# Modena Pigeons. . .



## TrevorsCoop (Jul 14, 2009)

I really like these birds alot and i am considering getting some. Anyone have trouble with them? Are they good parents? I appreciate all comments! 

~Trevor


----------



## Pigeon lower (Oct 23, 2007)

I have heard they are aggresive birds, and require more room then other birds.


----------



## TrevorsCoop (Jul 14, 2009)

> I have heard they are aggresive birds, and require more room then other birds.
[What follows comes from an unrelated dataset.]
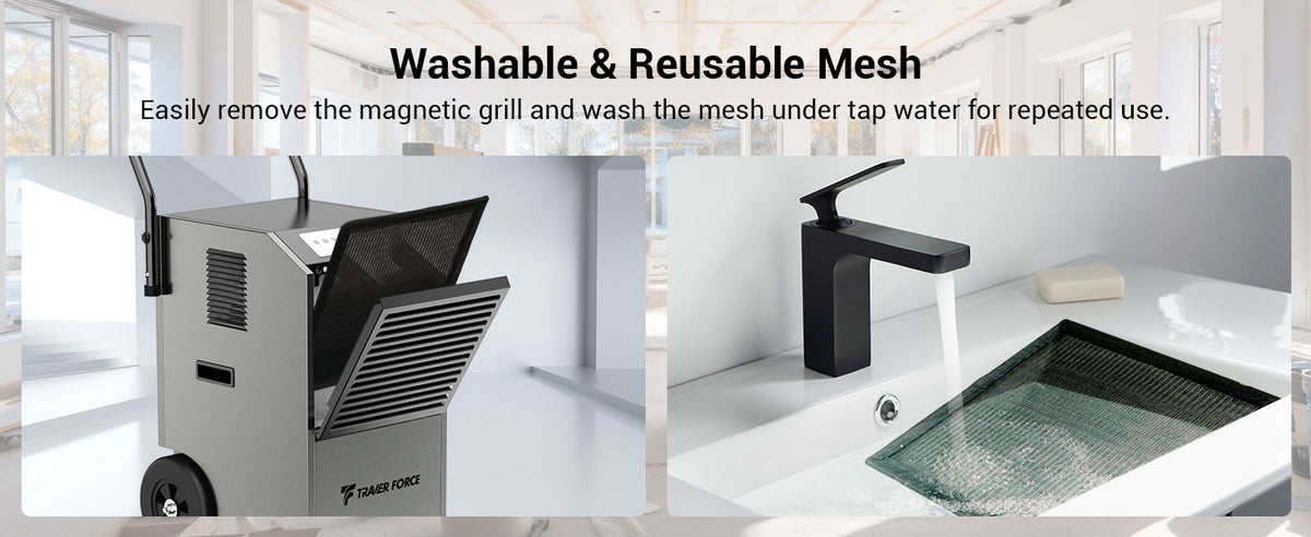 - 【Easy to Use & Maintain】This commercial dehumidifier features a digital display that shows real-time moisture levels for easy monitoring. The magnetic grill can be easily detached, allowing you to remove the interior mesh and wash it under tap water for repeated use. Additionally, it offers auto defrost and memory start functions in case of accidental power outages, adding more convenience to your dehumidification needs.
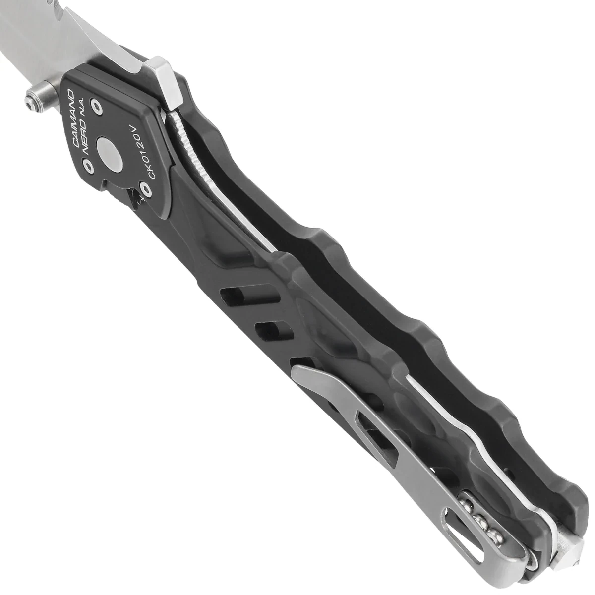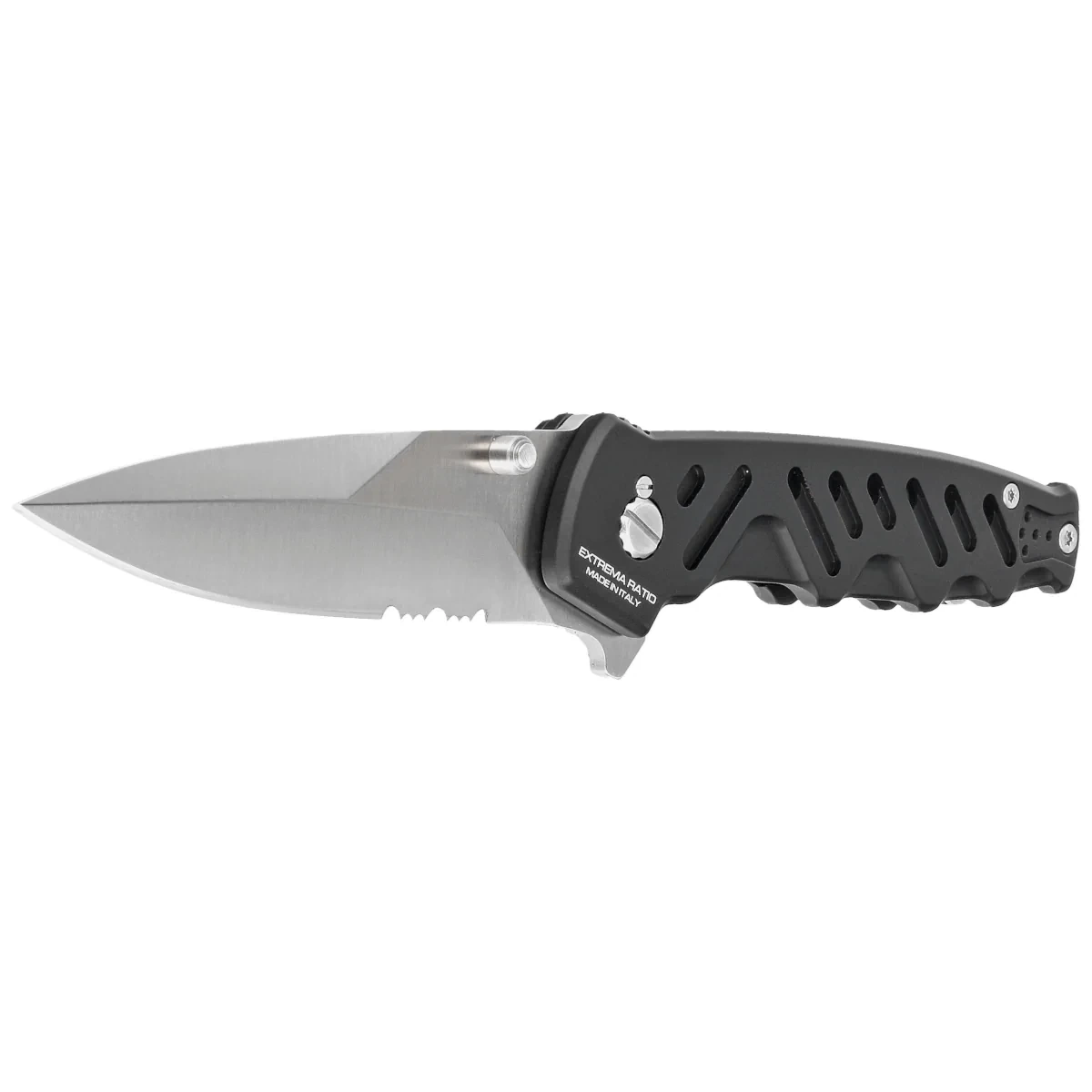 • Caimano Nero N.A. Black Aluminum, Satin, large tactical folding knife, Its name refers to the Caimani Neri del Piave unit. Designed by Extrema Ratio for G.O.I., Gruppo Operativo Incursori, aluminum Handle, proven Böhler N690 steel.

 Okay. . . any other info and stuff


----------



## maryjane (Jul 15, 2006)

Some of the heavier ones have a bit of a hard time moving their weight around, so I would not recommend wire floors. And I have some who are semi-aggressive and others who are perfect angels.  They are really a funny pigeon and have this great stare they give you.


----------



## TrevorsCoop (Jul 14, 2009)

Okay. i wasn't planning on having them on wire bottoms any ways. IK! I love that look in there eyes. Lol. Hope i will be able to get them!!!


----------



## mookeeman (Dec 11, 2008)

hey there they are very aggressive birds but make grat parents 

you have to keep them seperat from other birds because or there aggression and also they like to make you a target for there poop


----------



## TrevorsCoop (Jul 14, 2009)

> hey there they are very aggressive birds but make grat parents
> 
> you have to keep them seperat from other birds because or there aggression and also they like to make you a target for there poop


 So if i was just going to keep modenas, i would have to keep the pairs seperate????


----------



## spirit wings (Mar 29, 2008)

I would, I have had some and they are great, but they are heavy and push their weight around. It is not easy trying to band one of their babies look out!


----------



## TrevorsCoop (Jul 14, 2009)

Oh ok. I was looking for a "prisoner" (lol i love this term) breed pigeon that can breed just in an open type loft, without having to seperate pairs. Any other clues?


----------



## mookeeman (Dec 11, 2008)

you dont have to seperate your pairs of mondinas they have to be in there own coop with out other types of birds like mine were in a different coop then my mookees because they were very aggressive


----------



## TrevorsCoop (Jul 14, 2009)

Oh ok. So any other ideas for prisoner pigeons? I made a thread but i didnt get alot of replies


----------



## maryjane (Jul 15, 2006)

I would say a close breed to the modenas is a king. They make the best prisoners  as far as I am concerned, and I have had experience keeping many different breeds as I get in all kinds. They have been bred for generations as caged birds (as meat birds) and are genetically more inclined to lounge around and be couch potatoes! They do not like to fly much (in general) as they are heavy and somewhat lazy, and are most content with a nice nest box and good grub. I've found that they are easier to tame than many other breeds due to their close contact with people. 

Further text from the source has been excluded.